Assigned task ->
Would you print exactly the lines that begin the listing and continue through the line holding "Austin FC vs"? No pictures, please.

Excerpted data ->

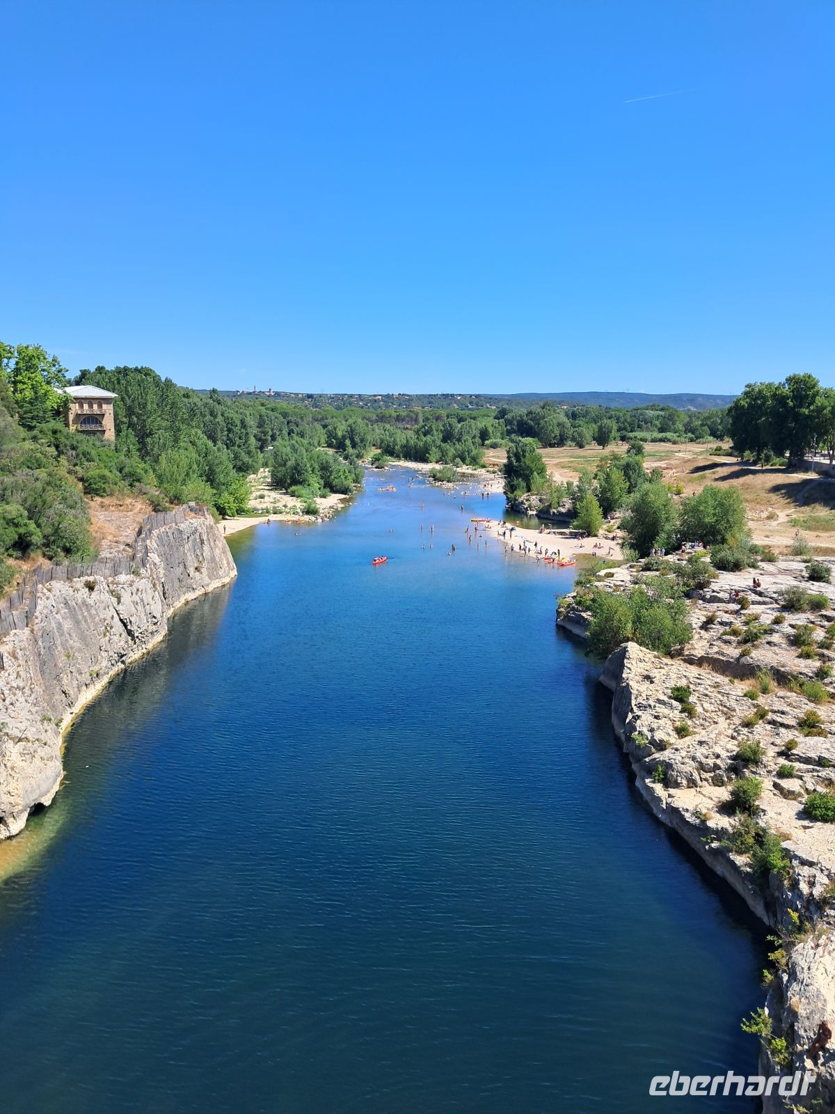 Letzter Programmpunkt der Reise: der Pont-du-Gard. Wie man zu Römerzeiten einen reinen Zweckbau so bauen konnte, dass man ihn heute noch schön findet und vielleicht auch benutzen könnte, das ist mehr als erstaunlich. Die Brücke war Teil einer Wasserleitung von Uzes nach Nimes. Um in das Innerste des Pont-du-Gard zu gelangen, bedarf es leider einer gesonderten Anmeldung. So war die Enttäuschung für unseren Pont-du-Gard-Fan groß, als sich die Tür zur eigentlichen Wasserleitung verschloss. Er wird sicherlich wiederkommen. Den Pont-du-Gard darf man gerne öfters im Leben sehen.
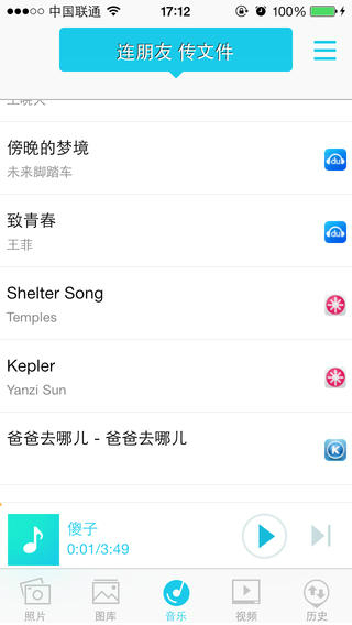 2,支持播放包括ape, flac等各种格式的歌曲
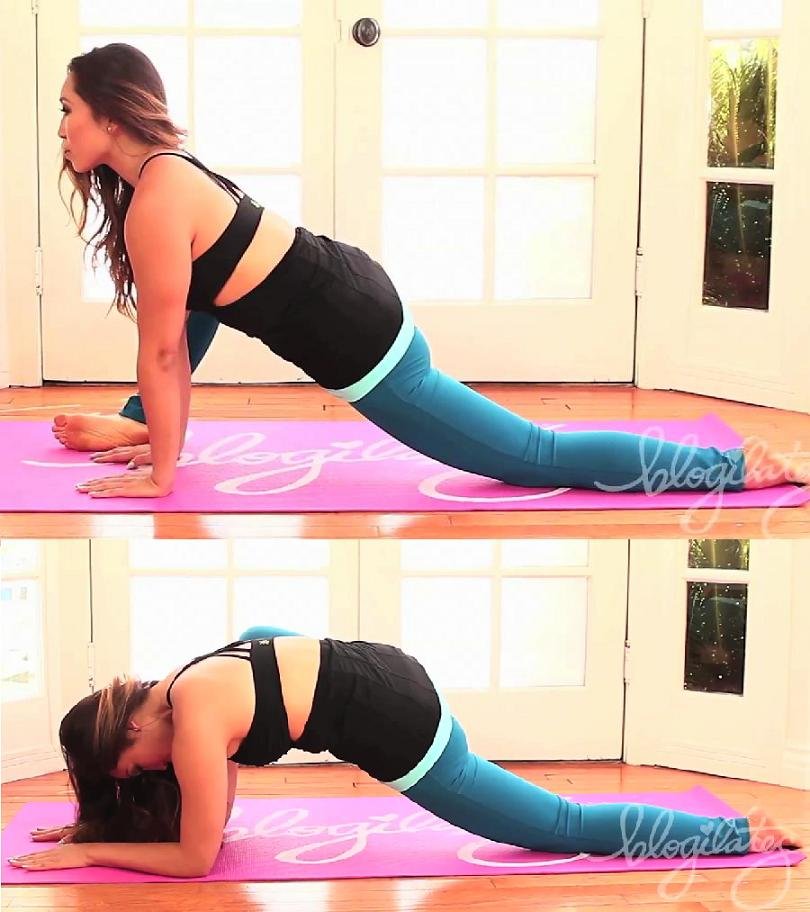 - If you want to get more uncomfortable and more flexible place your elbows and forearms onto the mat. This is pretty advanced so if you can’t get here is totally OK.
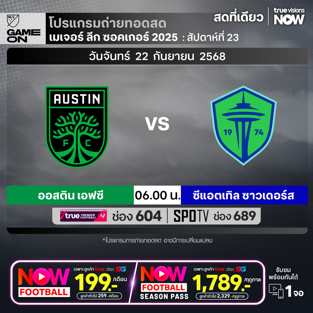 Austin FC vs Seattle Sounders FC เวลา 06.00-08.00 ทางช่องTPF 4(604)/SPOTV (689)
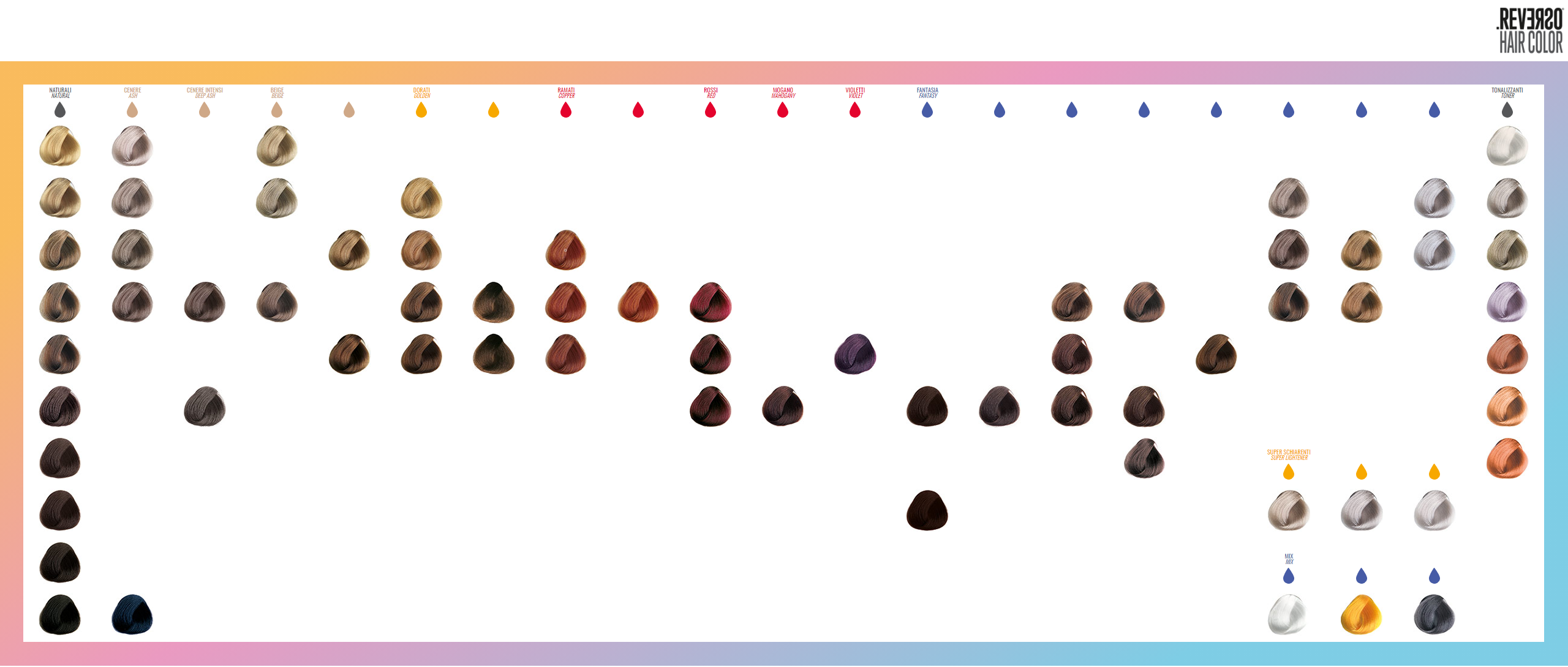 Les nuances REVERSO doivent être utilisées en mélange avec les émulsions oxydantes REVERSO OXY 10-20-30-40 Vol. pour obtenir des couleurs permanentes et avec le REVEALER 5 Vol. pour obtenir des couleurs semi-permanentes.
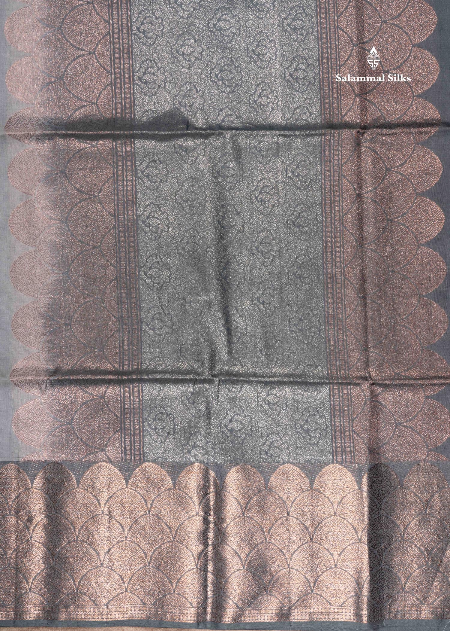 Pure Kanjivaram Light Grey Colour Soft Silk Saree With Copper Zari Border
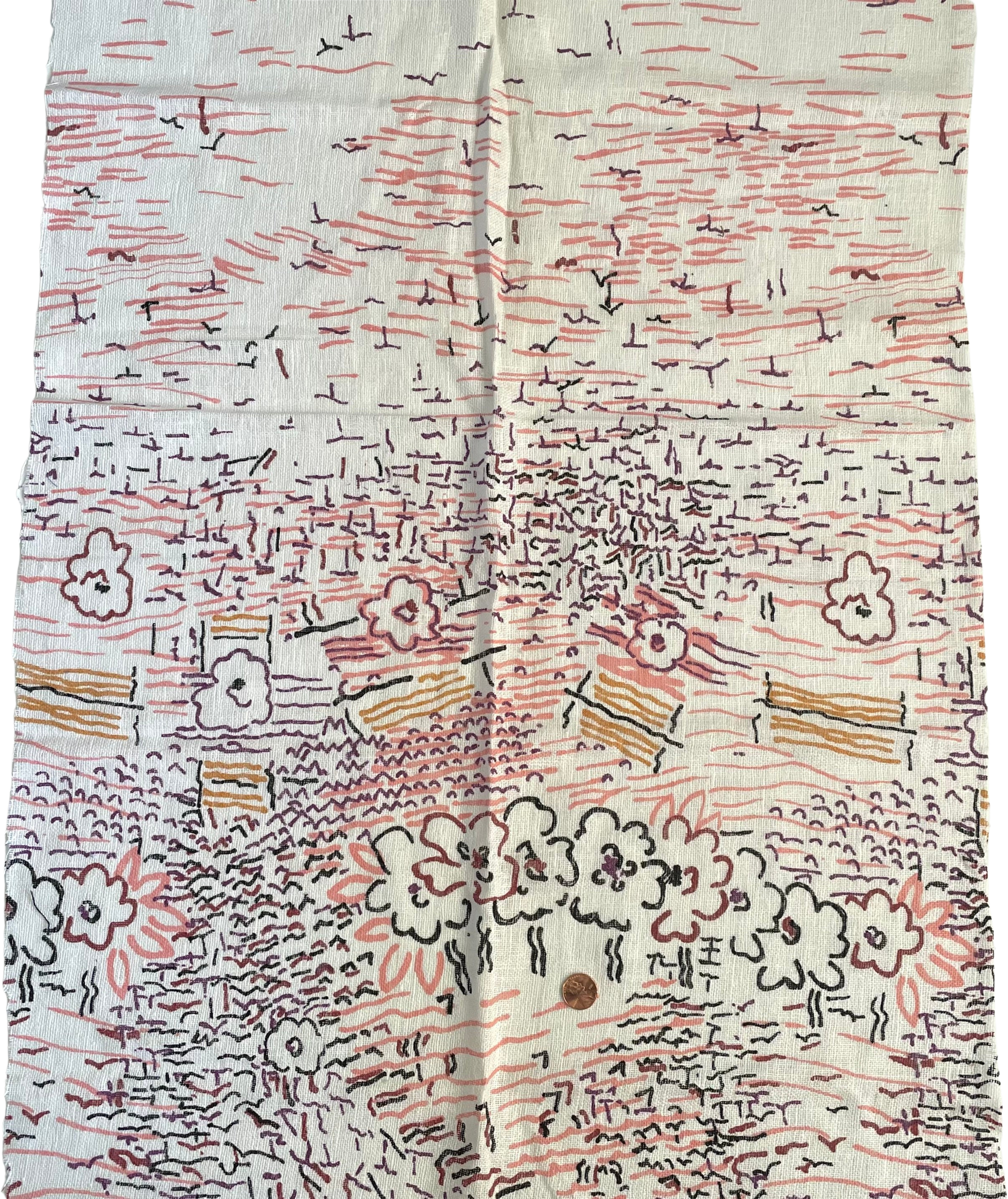 Vintage fabric remnant, abstract landscape, mod, 60s 70s 80s, floral, Rust cream pink, purple black, Printsiples Fabric Corp, retro tapestry piece, slubbed remnant

Solved exercise ->
 Letzter Programmpunkt der Reise: der Pont-du-Gard. Wie man zu Römerzeiten einen reinen Zweckbau so bauen konnte, dass man ihn heute noch schön findet und vielleicht auch benutzen könnte, das ist mehr als erstaunlich. Die Brücke war Teil einer Wasserleitung von Uzes nach Nimes. Um in das Innerste des Pont-du-Gard zu gelangen, bedarf es leider einer gesonderten Anmeldung. So war die Enttäuschung für unseren Pont-du-Gard-Fan groß, als sich die Tür zur eigentlichen Wasserleitung verschloss. Er wird sicherlich wiederkommen. Den Pont-du-Gard darf man gerne öfters im Leben sehen.
 2,支持播放包括ape, flac等各种格式的歌曲
 - If you want to get more uncomfortable and more flexible place your elbows and forearms onto the mat. This is pretty advanced so if you can’t get here is totally OK.
 Austin FC vs Seattle Sounders FC เวลา 06.00-08.00 ทางช่องTPF 4(604)/SPOTV (689)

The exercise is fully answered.